Now let’s try to list out our “friends” within a mile again, this time making use of the PostGIS ST_Distance and ST_DWithin functions:

[postgres]
EXPLAIN ANALYZE SELECT f.*,
ST_Distance(f.geog, ST_MakePoint(1.0838637, 52.7389201))/1609 AS dist_miles
FROM friends f WHERE ST_DWithin(f.geog, ST_MakePoint(1.0838637, 52.7389201), 1609)
ORDER BY ST_Distance(f.geog, ST_MakePoint(1.0838637, 52.7389201));
[/postgres]

                                           QUERY PLAN
------------------------------------------------------------------------------------------------------------------------
 Sort  (cost=37.90..37.90 rows=1 width=108) (actual time=1.756..1.760 rows=29 loops=1)
   Sort Key: (_st_distance(geog, '0101000020E610000017258D768157F13FB4ED0FEF945E4A40'::geography, 0::double precision, true))
   Sort Method:  quicksort  Memory: 32kB
   ->  Bitmap Heap Scan on friends f  (cost=2.39..37.89 rows=1 width=108) (actual time=0.908..1.684 rows=29 loops=1)
         Recheck Cond: (geog && '0101000020E610000017258D768157F13FB4ED0FEF945E4A40'::geography)

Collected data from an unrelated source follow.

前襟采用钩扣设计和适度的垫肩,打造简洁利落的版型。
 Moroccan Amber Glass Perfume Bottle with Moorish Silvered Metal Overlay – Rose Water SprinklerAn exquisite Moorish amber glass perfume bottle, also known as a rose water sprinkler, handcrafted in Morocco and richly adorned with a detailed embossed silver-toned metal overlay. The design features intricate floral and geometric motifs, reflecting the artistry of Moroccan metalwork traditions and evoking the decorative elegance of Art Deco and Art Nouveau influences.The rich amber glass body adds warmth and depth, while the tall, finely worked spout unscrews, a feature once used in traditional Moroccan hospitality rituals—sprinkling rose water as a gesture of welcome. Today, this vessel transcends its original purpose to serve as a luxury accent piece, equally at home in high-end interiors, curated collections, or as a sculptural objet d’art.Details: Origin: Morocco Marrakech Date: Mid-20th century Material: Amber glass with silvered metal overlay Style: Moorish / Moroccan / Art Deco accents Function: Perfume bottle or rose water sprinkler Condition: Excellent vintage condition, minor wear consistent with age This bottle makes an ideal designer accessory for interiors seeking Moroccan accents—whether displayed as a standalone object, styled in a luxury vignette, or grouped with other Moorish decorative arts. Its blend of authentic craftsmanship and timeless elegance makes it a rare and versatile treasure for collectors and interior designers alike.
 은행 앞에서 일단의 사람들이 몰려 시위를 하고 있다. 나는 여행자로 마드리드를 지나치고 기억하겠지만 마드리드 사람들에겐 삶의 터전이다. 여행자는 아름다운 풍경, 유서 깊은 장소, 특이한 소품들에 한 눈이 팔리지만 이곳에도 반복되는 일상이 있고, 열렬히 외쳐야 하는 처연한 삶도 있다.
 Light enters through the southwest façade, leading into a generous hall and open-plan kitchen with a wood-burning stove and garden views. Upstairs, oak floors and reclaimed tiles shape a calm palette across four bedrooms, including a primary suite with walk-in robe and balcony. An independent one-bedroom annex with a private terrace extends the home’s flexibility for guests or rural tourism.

         Filter: (('0101000020E610000017258D768157F13FB4ED0FEF945E4A40'::geography && _st_expand(geog, 1609::double precision)) 
         	AND _st_dwithin(geog, '0101000020E610000017258D768157F13FB4ED0FEF945E4A40'::geography, 1609::double precision, true))

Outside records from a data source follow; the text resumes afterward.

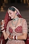 Tanaksh presents a light peach lehenga in net base with kiran dori, dabka, cutdana and sequins embroidery. It is paired with a red embroidered blouse and a net dupatta. Style this designer lehenga set with statement kundan jewellery, potli bag and elegant block heels, Perfect for brides seeking an elevated and timeless bridal look.
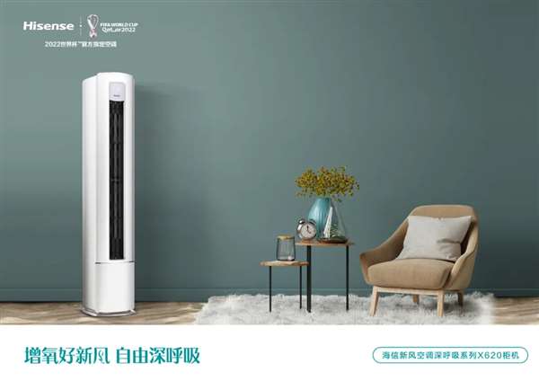 作为深呼吸系列中的鲜氧新风空调,2022年世界杯官方定制空调——海信新风空调X620以微正压双驱动新风技术引入室外新风,无需额外扩孔安装,柜机以65m3/h新风量和1550m3/h大风量实现高效换气,挂机60m3/h新风量,升级大风口加上混合拂面新风,轻松带来满屋清新。风量澎湃,让屋内迅速实现制热制冷的同时,搭配新一级能效,新风功能还可独立开启,省电更省钱。柜机独创贝塞尔波浪紊流导板,提供54种独立风向立体风,上下独立分区送风,挂机升级大风口,瀑布级制冷,地暖式升温,一键防直吹。
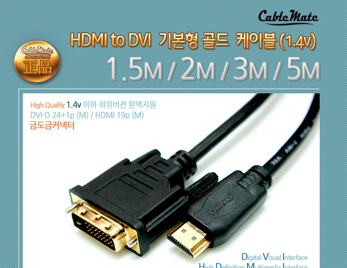 CableMate HDMI to DVI Gold Cable 5M 1.4v
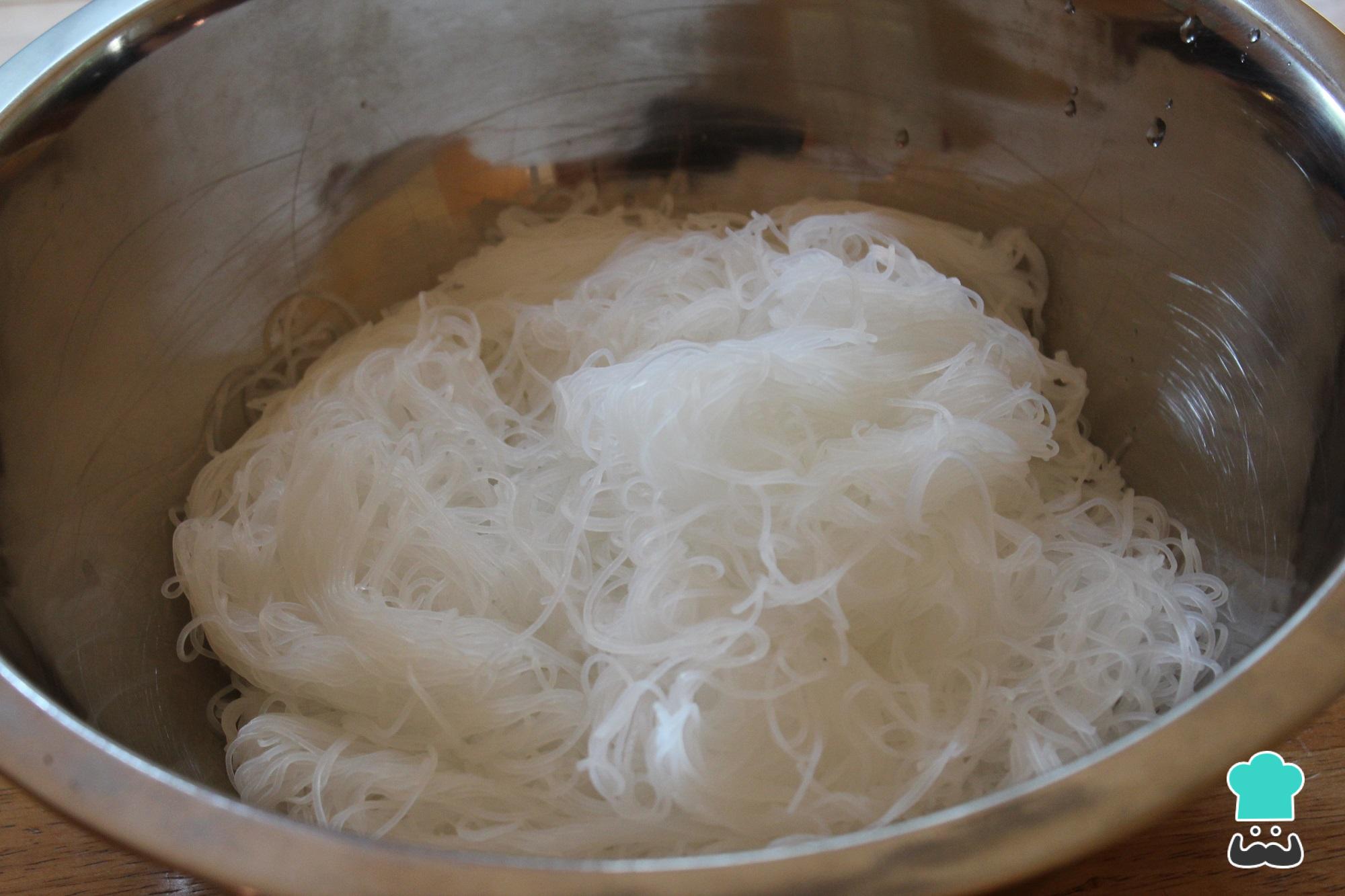 Hidrate o bifum e refogue-o na frigideira com um alho picado, pimenta do reino e pimenta cambuci. Refogue os cogumelos na manteiga separadamente.

         ->  Bitmap Index Scan on friends_geog_idx  (cost=0.00..2.39 rows=16 width=0) (actual time=0.351..0.351 rows=45 loops=1)

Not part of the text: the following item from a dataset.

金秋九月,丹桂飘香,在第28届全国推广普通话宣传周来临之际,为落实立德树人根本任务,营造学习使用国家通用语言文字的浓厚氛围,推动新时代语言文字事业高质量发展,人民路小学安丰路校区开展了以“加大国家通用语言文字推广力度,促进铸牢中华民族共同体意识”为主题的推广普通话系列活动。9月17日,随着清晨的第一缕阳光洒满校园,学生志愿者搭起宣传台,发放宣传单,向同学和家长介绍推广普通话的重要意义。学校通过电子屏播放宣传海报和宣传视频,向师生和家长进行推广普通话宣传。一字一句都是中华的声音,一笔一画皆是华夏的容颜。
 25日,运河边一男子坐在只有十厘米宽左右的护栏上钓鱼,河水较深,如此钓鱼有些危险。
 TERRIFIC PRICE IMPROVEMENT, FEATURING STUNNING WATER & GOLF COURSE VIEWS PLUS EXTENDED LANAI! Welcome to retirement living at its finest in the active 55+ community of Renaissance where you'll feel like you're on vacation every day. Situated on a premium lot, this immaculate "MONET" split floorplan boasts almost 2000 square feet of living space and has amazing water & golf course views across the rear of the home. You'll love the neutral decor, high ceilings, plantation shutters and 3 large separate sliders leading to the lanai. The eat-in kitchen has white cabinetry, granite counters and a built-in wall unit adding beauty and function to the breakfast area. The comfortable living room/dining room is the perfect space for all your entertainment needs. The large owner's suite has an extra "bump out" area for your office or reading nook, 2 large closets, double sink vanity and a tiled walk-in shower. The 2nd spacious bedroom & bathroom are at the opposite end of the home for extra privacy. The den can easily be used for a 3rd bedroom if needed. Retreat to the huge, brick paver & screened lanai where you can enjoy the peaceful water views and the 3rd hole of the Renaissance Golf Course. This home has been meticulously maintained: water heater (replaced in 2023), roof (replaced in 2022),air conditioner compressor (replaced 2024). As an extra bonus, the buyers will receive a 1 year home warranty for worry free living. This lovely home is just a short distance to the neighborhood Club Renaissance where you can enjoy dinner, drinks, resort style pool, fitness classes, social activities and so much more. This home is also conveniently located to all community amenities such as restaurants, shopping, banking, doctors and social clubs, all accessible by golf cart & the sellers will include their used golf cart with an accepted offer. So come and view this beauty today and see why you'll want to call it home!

               Index Cond: (geog && '0101000020E610000017258D768157F13FB4ED0FEF945E4A40'::geography)
 Total runtime: 1.821 ms

This shows a marked improvement from a query time of 160.069ms down to 1.821 ms. Obviously our mileage will vary depending on the quantity of data in the table, it’s distribution and just how many rows we want to retrieve.